Prefiro lembrar o som inconfundível do repicar dos teus sinos ou o toque das trindades. Ou a obrigação instituída de ficar em jejum três horas antes de comungar. Em tempo de comunhões – fiz todas: a primeira, a segunda, a terceira e a quarta, mais a profissão de fé – abalava do largo de S. Pedro com minha Mãe, às cinco ou seis da manhã, calcorreava a rua de Vila Nova no mais opaco e espesso silêncio – ainda ouço, às vezes, os passos apressados que ela me devolvia – entrava na igreja, assistia à missa, fazia a genuflexão – joelhos nus contra o lajedo frio situado em frente do altar, lugar reservado aos homens, as mulheres ficavam na retaguarda – enfim, cumpria regras que ajudavam a definir a tua identidade. Respeitava-te, pois. À saída da igreja lá estava a recompensa: numas bancas improvisadas, meia pada de pão, sem nada dentro, e uns tremoços, para combater o jejum e não deixar que o estômago continuasse colado às costas.

E também me lembro de, pela Páscoa, cumprir outro preceito, uma espécie de estreita aliança entre os desígnios de Deus e os de César: ia confessar-me e logo a seguir tinha que passar pela sacristia, para “desarriscar” o nome. Era uma das tuas muitas formas de nos controlar, avisando-nos que só está bem integrado num meio quem lhe aceita as regras e as limitações.

Aqui te deixo por agora, após relembrar pedaços soltos de um tempo em que a garotada se sentia agasalhada de ternura quando o dia fechava sem qualquer tareia de verga, cinto, cordas ou adival. Miúdos que também sucumbiam, muito mais do que hoje, às doença e à miséria e não propriamente por gostarem de viajar até ao céu. Um tempo em que homens e mulheres suavam camarinhas nas terras de pão, ou enchiam açafates de canseiras, substituindo-se, quando era preciso, aos animais de tracção à frente de charruas e arados.

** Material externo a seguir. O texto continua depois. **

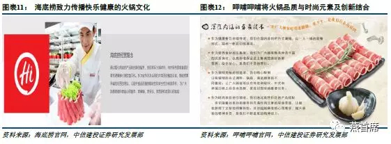 在火锅口味和品质较优质并被市场承认的基础上,火锅企业若想进一步提升品牌价值,需要在经营理念和品牌故事内涵的角度进行深耕,目前国内的火锅龙头如海底捞和呷哺呷哺已开始在品牌文化角度进行深度培育,对于市场认可度的进一步提升和品牌价值的提炼意义重大。
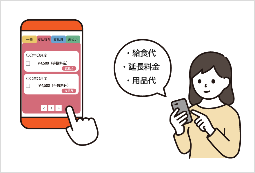 月次で計算した請求額が決済サービスと自動連携されることで、集金業務が大幅に効率化されます。先生は各家庭の口座情報の管理や毎月の金融機関とのやり取りを削減できます。保護者はスマートフォンに届く請求情報を確認し、空き時間を活用して支払処理を完了できます。人の手で行う集金のヒューマンエラーを防ぎ、先生も保護者もお金が絡むストレスから解消されます。
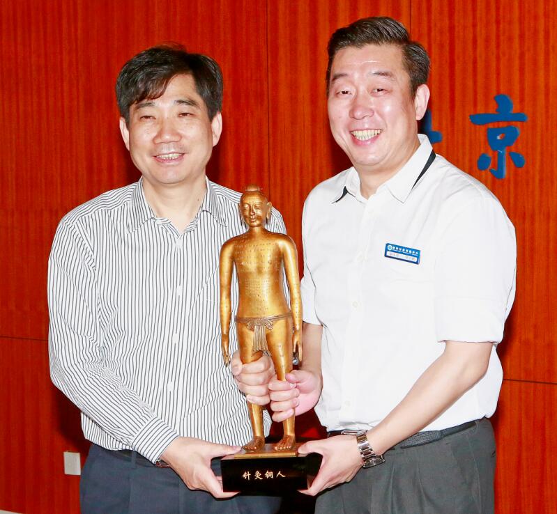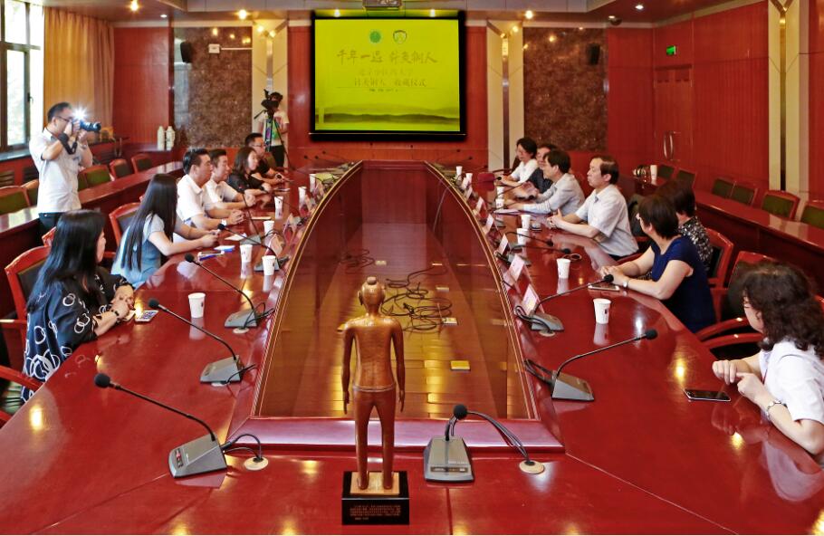 6月1日下午,至尊版“針灸銅人”收藏儀式在我校中醫(yī)藥博物館舉行。為響應(yīng)國家大力發(fā)展中醫(yī)藥的政策號召,迎接7月1日《中醫(yī)藥法》的施行,由國家中醫(yī)藥管理局主管世針針灸交流中心發(fā)起,我校針灸推拿學院教授谷世喆積極推薦與聯(lián)絡(luò)促成本次捐贈。至尊版“針灸銅人”是由北京工美集團有限責任公司限量出品。
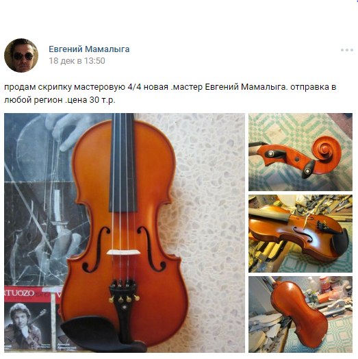 Конечно скрипка не мастеровая. Как минимум по цене. А как максимум - по виду. Может и Китай, но вполне приличный как для китая и в сравнении с тем китаем, который у нас обычно продают в магазинах. Спасибо, приму во внимание.
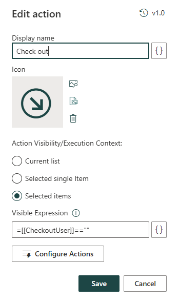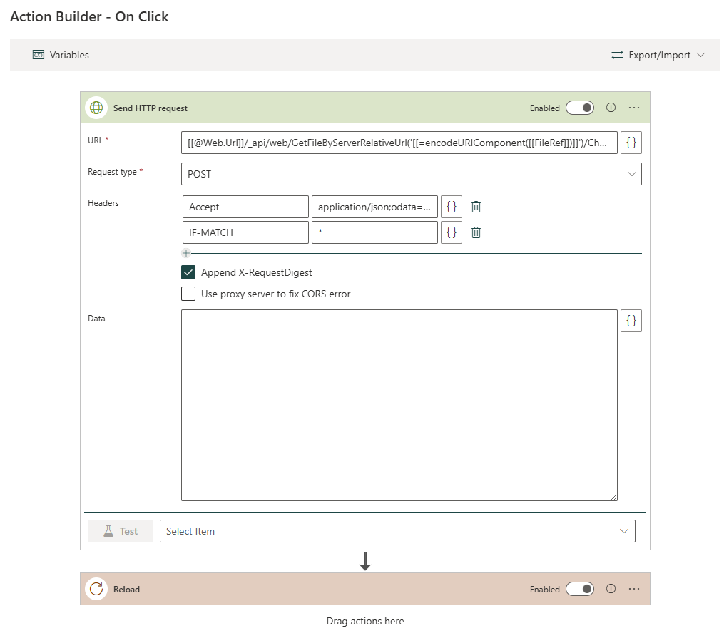 [[@Web.Url]]/_api/web/GetFileByServerRelativeUrl('[[=encodeURIComponent([[FileRef]])]]')/CheckOut()Request Type
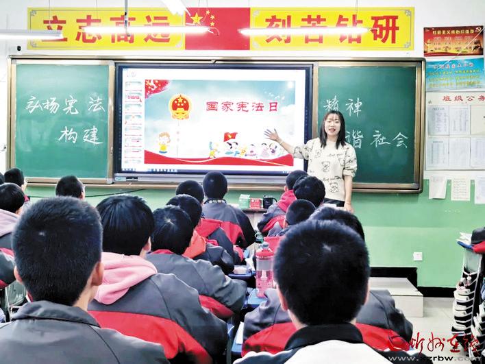 本報訊 2020年12月4日,是我國第七個國家憲法日,為大力弘揚(yáng)憲法精神,向?qū)W生普及憲法和法律知識,引導(dǎo)青少年學(xué)生自覺成為憲法的忠實(shí)崇尚者、自覺遵守者、堅(jiān)定捍衛(wèi)者,營造良好的校園法治教育環(huán)境和氛圍,北方中學(xué)開展了以“弘揚(yáng)憲法精神,護(hù)航少年成長”為主題的“12·4憲法日”系列活動。
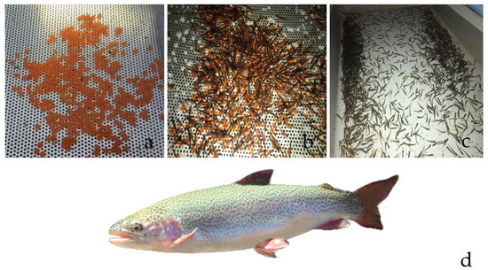 (a) Eggs, (b) larvae, (c) juveniles of Oncorhynchus mykiss, and (d) adult specimen, (photographs: own source).
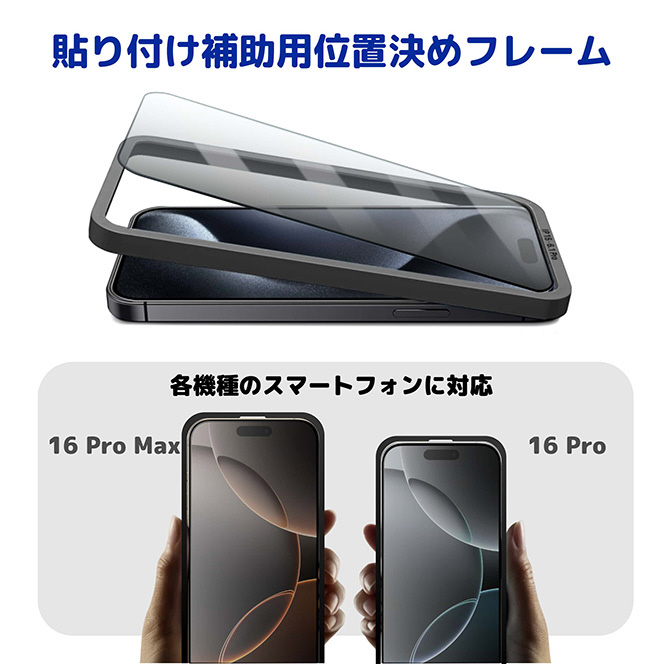 貼り付け補助用の位置決めフレームと付属キットで、誰でも簡単にズレなく貼り付け可能。気泡が入りにくく、美しい仕上がりをサポート。

Encerro esta espécie de balada de uma infância antiga, a um tempo difícil mas feliz,  povoada de medos do escuro, de ir ao alpendre mal iluminado procurar achas para a fogueira, ou à adega encher a pucheira de vinho tirado ao torno. Medo, também, de corujas e mochos de piar agoirento, ou de lobisomens que se dizia aparecerem nas encruzilhadas, podendo assumir diversas formas, como pipas a saltar e a rolar sozinhas.

Melhor que tudo isso era brincar à bilharda ou ao pião, ou até ajudar em pequenas tarefas como tocar o boi em volta do poço de rega, ou reunir uns ramos de gilbardeira que serviam de vassoura para colocar junto ao borralho, onde sabia tão bem adormecer, em tempos de rigorosa invernia, à sonolência da lareira.

Foi aqui, onde crescemos juntos, que tudo aconteceu. Eras então aldeia pequena, perdida nas brumas do passado. Como eu, largaste os calções, engravataste-te, cresceste de forma um tanto desajeitada, às vezes pões moderno onde devia ser antigo e antigo onde devia ser moderno. Dores de crescimento, presumo.